And she describes them to me. She was much more attentive to obstacles and things like that. As my eyesight declined, Edie took over quite a bit of the reading. She just sensed what was going on and responded to it. And then the children, as I said, we have four, and just like with Edie, without any discussion, they sensed what was going on and they will automatically when we're walking, take an elbow, and they'll point out obstacles. They’re all great describers.
In my family we’re big walkers and hikers, and when we were writing the book, we sent the children a questionnaire and they all wrote back. They're totally wonderful reactions. It's very clear from those that my children didn't think growing up in a house with a dad with limited eyesight was unusual, they thought that was normal.
In fact, one of the children said they were in a car with another family, and they said they were surprised to see that dads drive cars because they don't in our house. The other thing that was just a total treasure was the children came along at about the same time that I was really struggling with reading.
When I discovered talking books in the Library of Congress, I started ordering children's books. And so we would listen to Goodnight Moon, and the child would turn the pages, and you know, that was just a wonderfully cozy experience. It meant that even though I couldn't see enough to read, I had all the joys of reading goodnight stories to them, to a child.
The other thing that comes about as a result of first talking books and now audible, is that Edie and I are both big readers, and we always have at least one book going together. So whether we're driving or walking, we are always listening to a book together, which is really quite wonderful. It's like a little private book club where you can read together and talk about the book. So those are really those are the good things about it.
Ricky Enger: Yeah. That's beautiful. So many great memories with your family. And as you said, reading something together is wonderful. You know, I think we have actually managed a great deal of restraint so far because we haven't talked much about Vixen, your guide dog, but I really want to change that.
I really, really enjoyed the story of how you ultimately made the decision to get Vixen. It's really cool and well worth the read. I think when people go into the process of getting a dog, they have some conceptions about what it's going to be like, and you hear all of the stories about how it will navigate you around obstacles and you'll be able to weave through a crowd with a little more precision than you can with a cane.
So, maybe you knew some of that going in, but what was the most surprising thing to you? What didn't you expect from your partnership with Vixen?
David Tatel: Well, I think there were probably several things. One was I certainly didn't expect the guiding to be as good as it is. People who've never used a guide dog, and I was one of them for a long time, it's just hard to understand how effective these dogs are in guiding people.
Vixen is a German shepherd, and she comes to me from Fidelco which breeds and trains only German shepherds. For the first couple of months it was really hard to learn how to use a dog.
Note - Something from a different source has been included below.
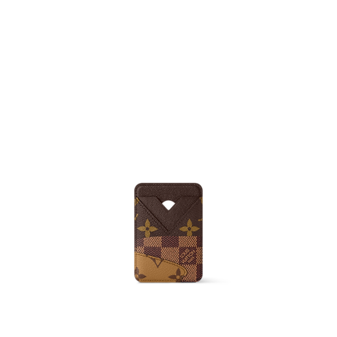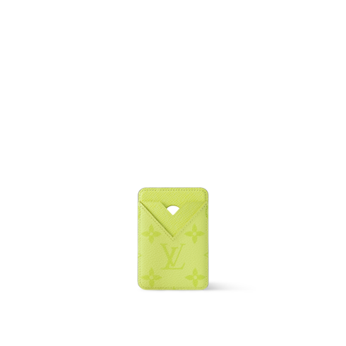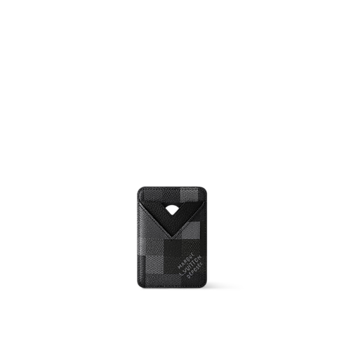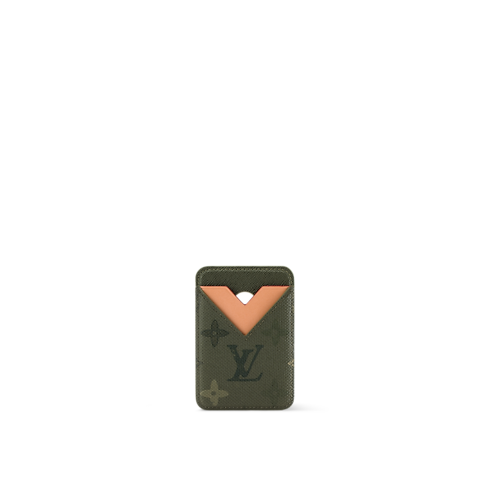 The Porte-Cartes Magnet cardholder is made from gray-and-black Monogram Eclipse coated canvas and brightly colored cowhide leather that emphasizes the V-shaped card slots. The cardholder includes an integrated magnet to quickly attach to any iPhone equipped with MagSafe technology. The card slots can hold most credit and transport cards.

The last chapter in the book is all about the dog. It's called, The Dog that Changed My Life. That's the name of the chapter. Once Vixen and I clicked, once I gained confidence and more important, once she gained confidence in me, I became totally amazed at her capabilities and her ability to weave me through things she's never been before.
The other thing that I did not understand, when our children were little, we had dogs, we had big collies. The children loved the dogs and Edie loved the dogs. The dogs weren't mine and they were mostly obstacles for me to trip over. So I never really had a relationship with dogs, but I had no idea how deep the relationship with this dog would become. She and I communicate in so many ways. She's with me 24 hours a day, seven days a week. We're always together. She really guides me, but she senses so many things.
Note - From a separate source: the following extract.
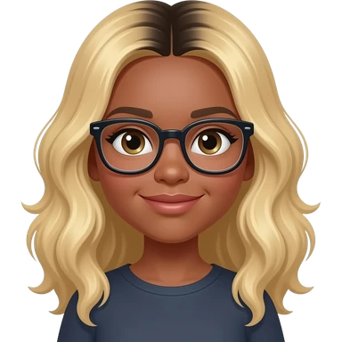 Girl with blonde hair with black roots, wavy, olive skin tone and glasses emoji

I tell the story in the book that in the middle of a very tense case, when I was sitting here at my desk and talking to my law clerks on zoom, Vixen showed up and stuck her nose under my elbow, she didn't need to go out, and she wasn't hungry. She just sensed the tension, and this was her way of coming to be helpful.
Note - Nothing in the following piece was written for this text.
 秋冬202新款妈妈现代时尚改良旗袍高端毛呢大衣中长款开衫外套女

I mean, the relationship between the human and the guide dog is completely amazing to me Ricky. We've been together for three years, and every day something happens that's new and interesting in terms of what she’s able to do for me.
Ricky Enger: Yeah, it really is amazing that relationship that you build. If you go in thinking that a guide dog is a mobility tool and they are, but it's so, so much more than that.
David Tatel: Yeah, it's a very special relationship. And as I said a few minutes ago, we were talking about the cane. I didn't get this dog until I was 77 years old. I really, really wish I had done it years earlier now.
Ricky Enger: I think one thing we don't talk about enough and we should, is that when you get a dog, there is going to be an effect on family dynamics, right? You all have your routines, your way of doing things and your way of being together. Suddenly this other being shows up and changes things. So I'm wondering how Vixen has affected your daily life with Edie?
David Tatel: Well, dramatically and positively. But it takes a huge amount of adjustment for both of us. We were warned about this. A good friend of ours whose husband has a guide dog warned Edie right at the beginning, you're no longer going to be top dog.
She talks about it in the book. Edie wrote her own memo about our experiences, and she talked about the experience of the dog. Obviously at the beginning, there was a lot of concern on her part. I mean, she's been walking with me for over 30 years and guiding me and making sure I'm safe. And suddenly a dog is taking that over. It took her quite a while to get comfortable with that.
During the training sessions, you know, she kept an eye on me, and it took quite a while for Edie to become comfortable that I was safe with Vixen. Vixen has given both of us a huge amount of independence that we haven't had for years. We still walk together, but now if I want to go for a walk and Edie would rather garden, I just go for the walk, which we were never able to do before.
The point is, is that Vixen has given us both a level of independence that neither of us has experienced in a very, very long time. She's been nothing but positive for us.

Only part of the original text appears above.